Бригадир быстро распределил всех по местам, кто-то грузил снопы на телеги, кто-то подавал их на колотилку, другой отбрасывал обдернутые снопики на погрузку. С нагруженными лошадиными телегами мужики и подростки развозили лен на поле через дорогу для расстила по клеверной отаве.

На уборке льна

Зариченных баб поставили на расстил льносоломки. Бабы брали снопы, развязывали их и расстилали тонким слоем на траву. Работа спорилась, поле быстро покрывалось сплошными лентами льна. Мужики едва поспевали подвозить снопы.

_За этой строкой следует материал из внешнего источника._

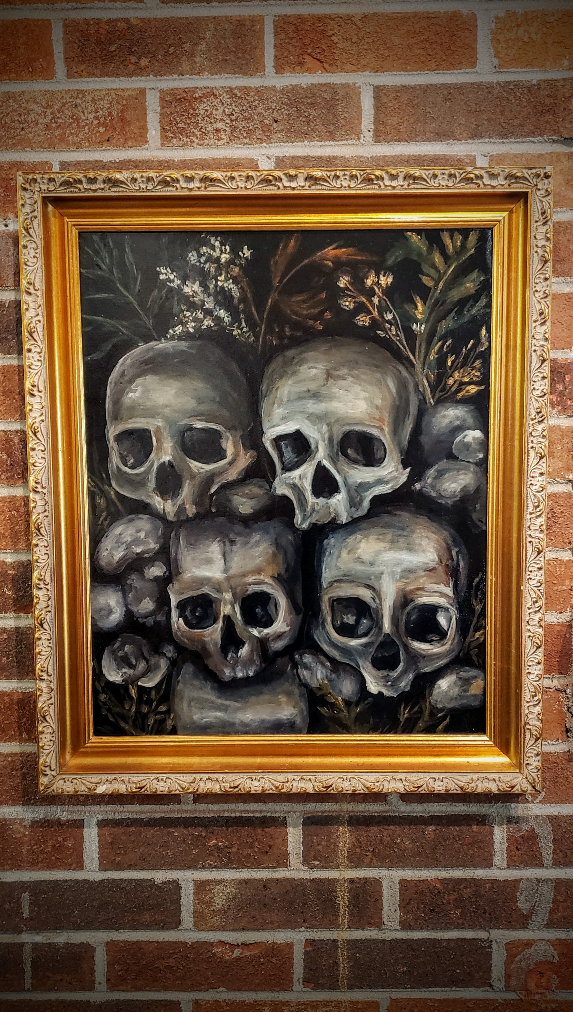 The artwork, presented in a 20" x 24" gold antiquated frame

Подростки надумали соревноваться с мужиками и между собой, кто быстрее нагрузит телегу и подвезет снопы бабам на расстил. Проворно ездил Ваня Марикин на своем Бурке, стройном коне со стриженой гривой, запряженном в ухоженную упряжь на новой телеге.

За ним не отставал его брат Степан на вороном коне Ветробое, крупном, с большими копытами русском тяжеловозе. Потом вырвался вперед Ваня Егорихин на Соколе, очень крепком, широкоспинном вороном жеребце. Никому не хотел уступать серый конь Майко, готов был сорваться на галоп, его еле удерживал сын бригадира Ваня Микишин. По пятам шел Володька Саламат, сын гармониста Мити на школьном Сивке. Не спеша трусил за ним Егор Бычин на маленьком гнедом коньке с двойной кличкой Рыжко-Белогривко. Рядом колыбался высокий гнедой, тоже с двойной кличкой Рыжко-Милиционер, управляемый неспешным Митькой Новоселом.

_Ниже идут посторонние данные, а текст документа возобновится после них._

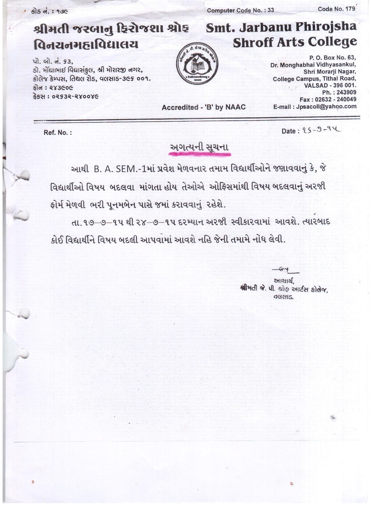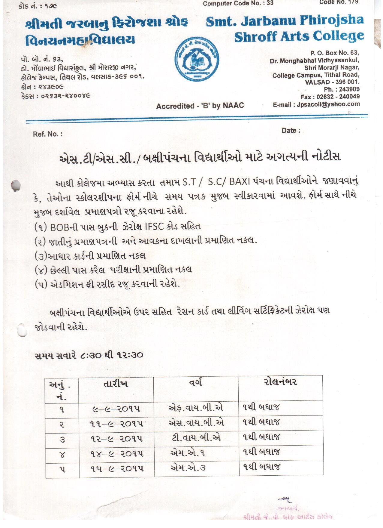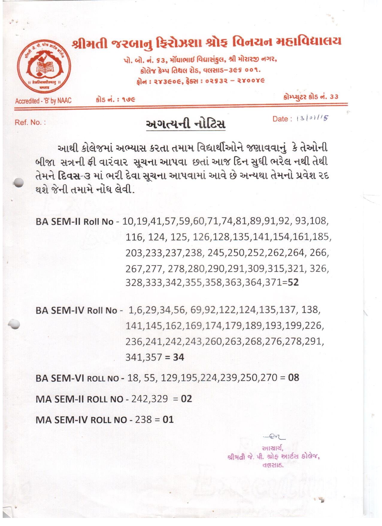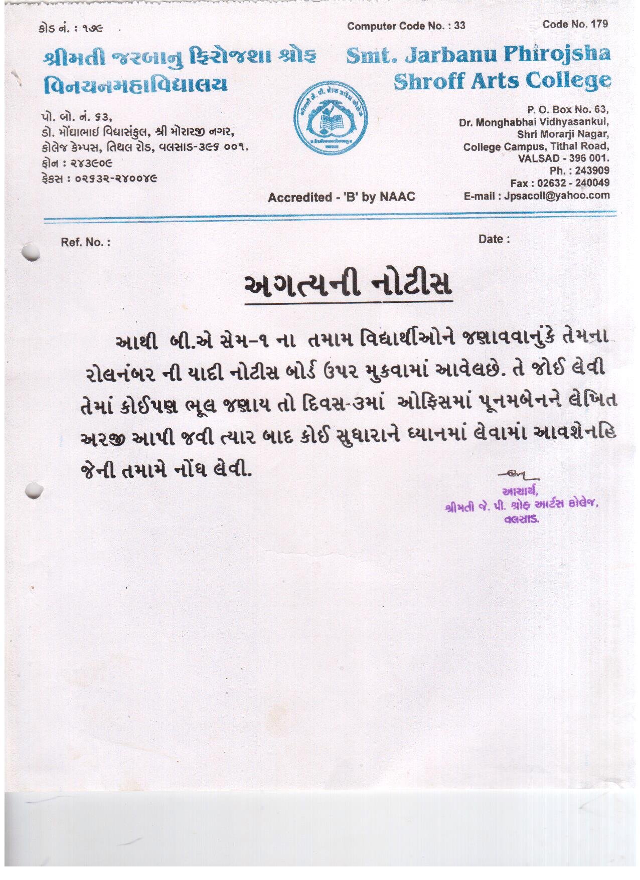 | B.A.Sem. 1 Roll No. Notice | 05/08/2015 | View | |

Очень резво носился по полю сын председателя колхоза Коля Олешкин на карем мерине Герое. Видя непомерную резвость Коли и азарт возчиков, Старко скомандовал:

– Сыснотя надэ работать, водиком, а то лошадей упарите, да и баб поди уж загнали.

Бабы подхватили:

– Не поспеваем за вам, маленько потише.

Егорко Бычин подначил:

– Ага, пошти отплясали вчерась на празднике, дак и спины не гнучча.

Бабы захохотали:

– Ты-то старый, чево не плясав? Клюшка мешает?

Егор заерзал на возу:

– Вот я вас клюшкой-то по спинам отхожу.

Бабы захохотали еще звонче:

– А ведь тебе, Егорко, с возу-ту не слезти, а ежели и слезешь, дак не догнать.

Старко подзуживает Егора:

– Слизь-ко, Егорко, с возу-ту, да догони которую, ха-ха-ха.

Егор не растерялся:

– Ты не на возу сидишь, сам догони.

Аристарх Григорьевич за словом в карман не полез:

– А мне, Егор, нельзя за девкам бегать, Анюшка узнает, дак пирогов не напекот.

 

«Пора и паужинат»

Женщины наперебой заорали:

– Ой, дак, Старушко, у нас с собой много всяких пирогов-то, угостим.

– Да и правда, бабы, пора паужинат, да уж и ись захотелось, подемте-ко к колотилке, уж и супом запахло. Кто варит-то севодни?

– Дак опять Галинка Петихина. Ой, укусной варит суп-от, подемте.

Стали усаживаться в круг. Прямо на землю бросили снопы, развязали узелки, выложили снедь на платки, за супом подходили со своими блюдами.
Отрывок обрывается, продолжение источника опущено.